So you like guitars with a bit of history?

That was a player guitar ,New nut new frets and a bridge pickup swap (old sd hot rails :eek:.) Not really a surprise choice if you didn't want to rout 35 years ago. Great stuff. I've played quite a lot a rockstar guitars over the years (Jimi Hendrix, EVH, Gary Moore, Peter Green, Eric Clapton, Jeff Beck, David Gilmore, and a ton of not quite as famous. The one thing most had in common was that they weren't particularly good right down to dreadful .
Most were being sold (not all) and not Iconic apart from one or two, the Woodstock white Strat and I didn't get to play it but I did handle it. The nut was all over the place with the spacing. The left hand conversion looked like it was done by a four year old.
 
Fascinating stuff. I wonder, at what point in his career he installed the Hot Rails. Just goes to show how this veteran session guy views his trusted axe as a tool, not a jewel.

I disagree with their "expert" on the value of the guitar, without the history. If it weren't modified, maybe $35k.

How did you come to play all those "Rockstar guitars"?
 
I do auction valuations, authenticating them checking provenance. Some I worked on for the artist. Some I look after in collections.
 
Sounds like an interesting gig. It's a pretty specialized field. Not like evaluating early Roman empire currancy. 😉 Are you a collector as well?
 
Not really but I have all the guitars I want (20 at the moment) and have owned about 200 over the years. High end vintage is only interesting to me as a commodity mostly because they are so bad to play and you can't alter them. Im a repair tech 95% of the time this is a bonus because people started to ask me to work on collections. I once had to tell a guy out of his 7 pre CBS Fenders none were right, the best was 50% original and refinished and most where parts fakes with the odd right piece. In the world of vintage Fender there are some fantastically accurate fakes and really good relic paint jobs .
 
WOW, beautiful! Are these built from parts or were necks & bodies from scratch. Either way, you're obviously a very talented luthier.

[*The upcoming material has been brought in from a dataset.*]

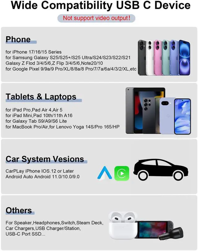| All USBC devices | All USBC devices | For Samsung Galaxy Devices | For Google Pixel/Apple Devices | For Google Pixel/Apple Devices | All USBC devices | All USBC devices |
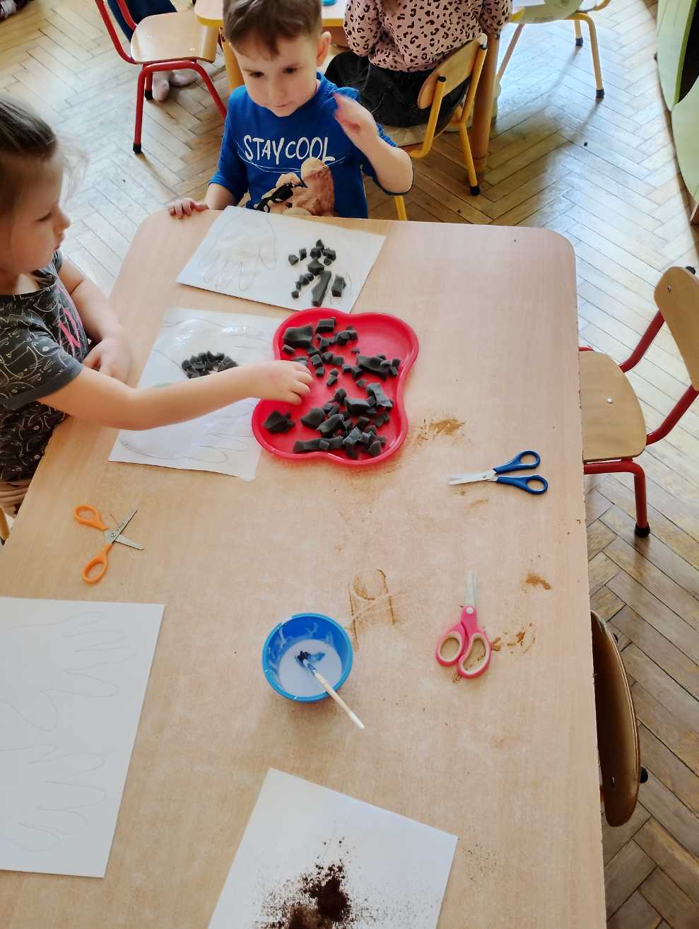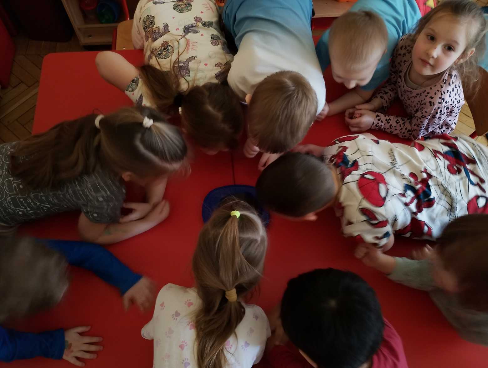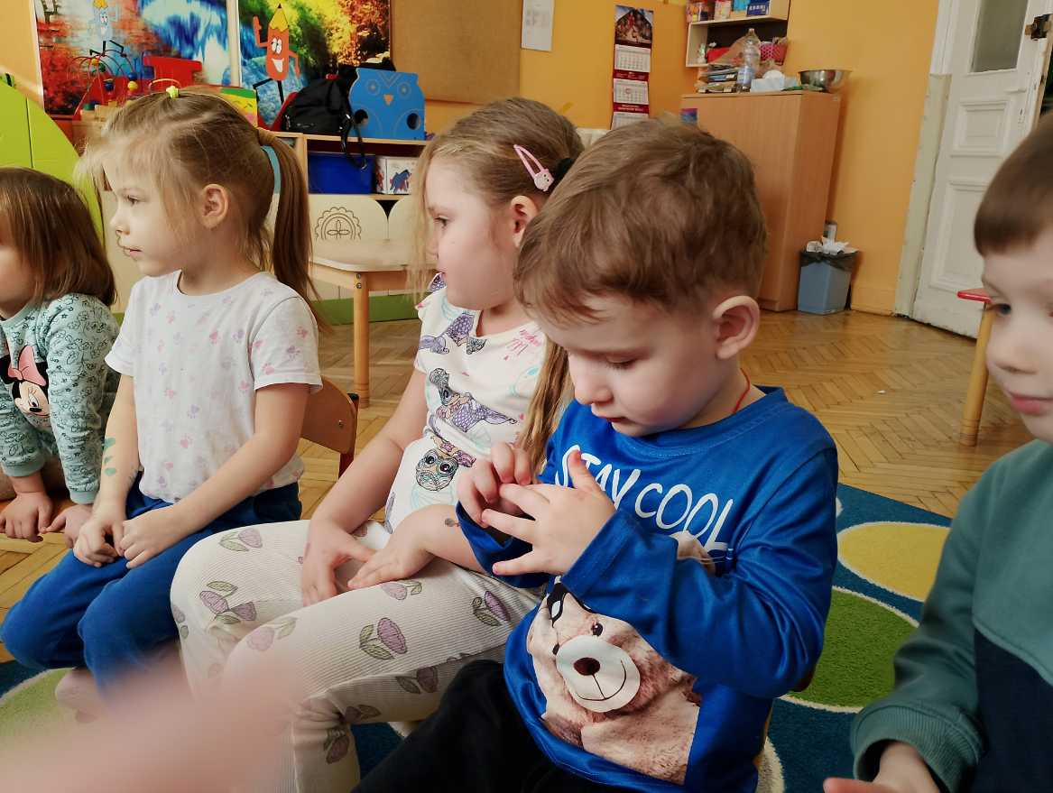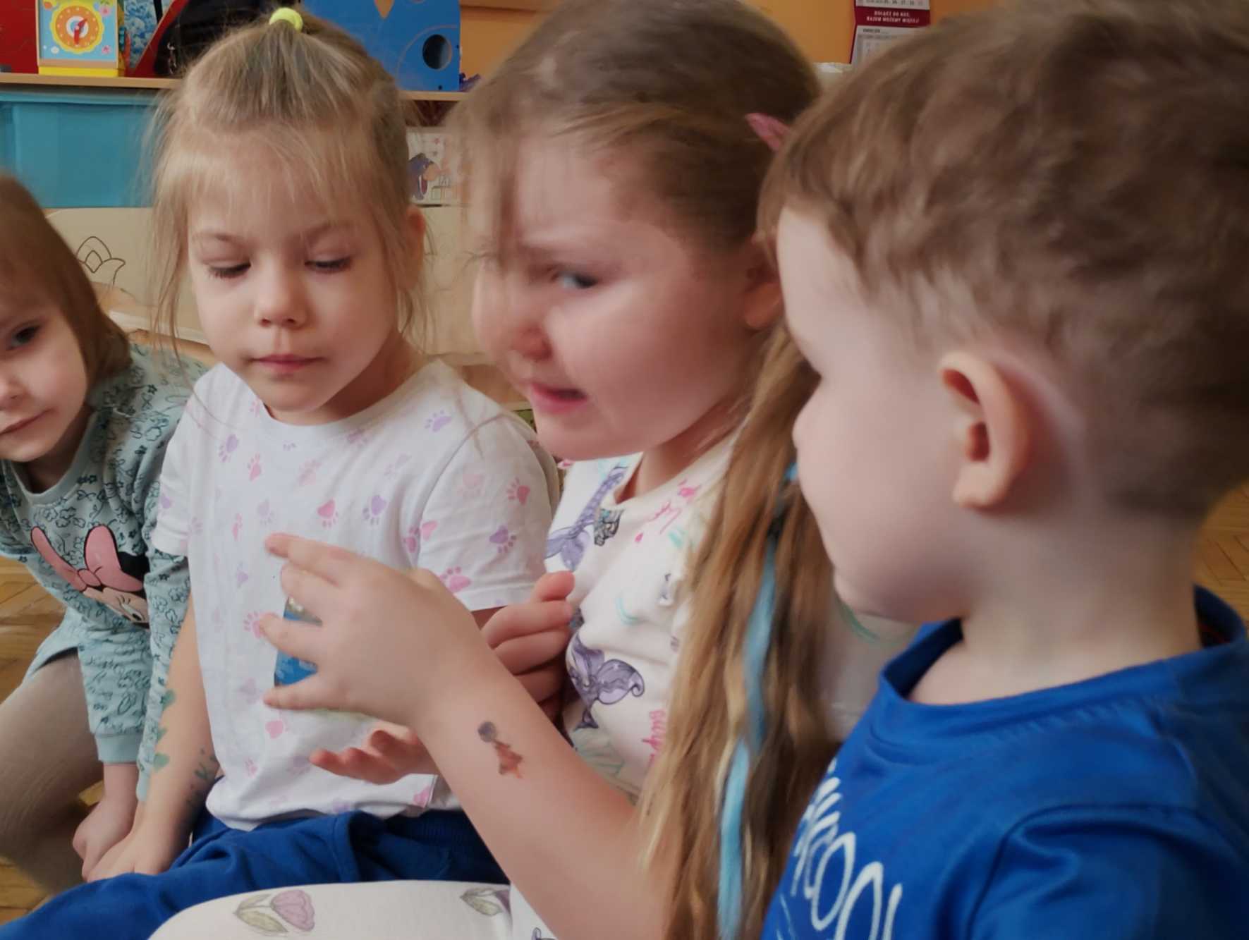 W tym tygodniu dzieci w grupie średniaków poznawały przedmioty 5 zmysłami (wzrok, słuch, smak, dotyk, węch). Bawiły się w poznawanie przedmiotów tylko za pomocą dotyku, opisując także właściwości rzeczy (miękki, twardy, szorstki, gładki). Ciocia Agnieszka przyniosła też przyprawy (cynamon, pieprz, kawa, sól) oprócz poznania ich za pomocą zmysłów, dzieci oglądały też eksperymenty przy użyciu tych przypraw. Dzieci by utrwalić temat wykonały prace plastyczną korzystając z pomponów, gąbki, bibuły oraz kawy i cynamonu.

I'm with you about owning valuable vintage instruments. I've owned a few but they weren't vintage yet...nor was I.

The dude you broke the news to about his prized Fenders must have been devastated...emotionally and financially. It's sad to know that there are that many con artists out there.
 
I have someone with a CNC who cuts to my speck and the rest is me.
The hardware is from a variety of sources,( micrometer right ) and the pickups are Abby hand wound replicas built to the year speck.
50 broadcaster 53 Tele and 54 Strat. Note the different shape on the plastic parts on the strat. They are two piece off centre joined bodies painted the old way on nails . I did light relics so I could paint them super thin with only the absolute minimum of grain filler . Fender can do you one like this but it's $8K.
 
Once you have handled as many vintage Gibsons and Fenders as I have over the years you can spot all but the best fakes immediately and then there are a few that even get NOS centre labs pots and the old shape CRL switch then gas the solder and put the whole thing in a sun bed to fool blacklight. Those almost deserve to pass.
 
Old Fender plastic is polystyrene not bakelite and is makes a sound when you rattle the parts together in a bag that NOBODY has copied and the smell. Everything else is out there so accurate you really have a hard time even next to the real thing with a glass and micrometer.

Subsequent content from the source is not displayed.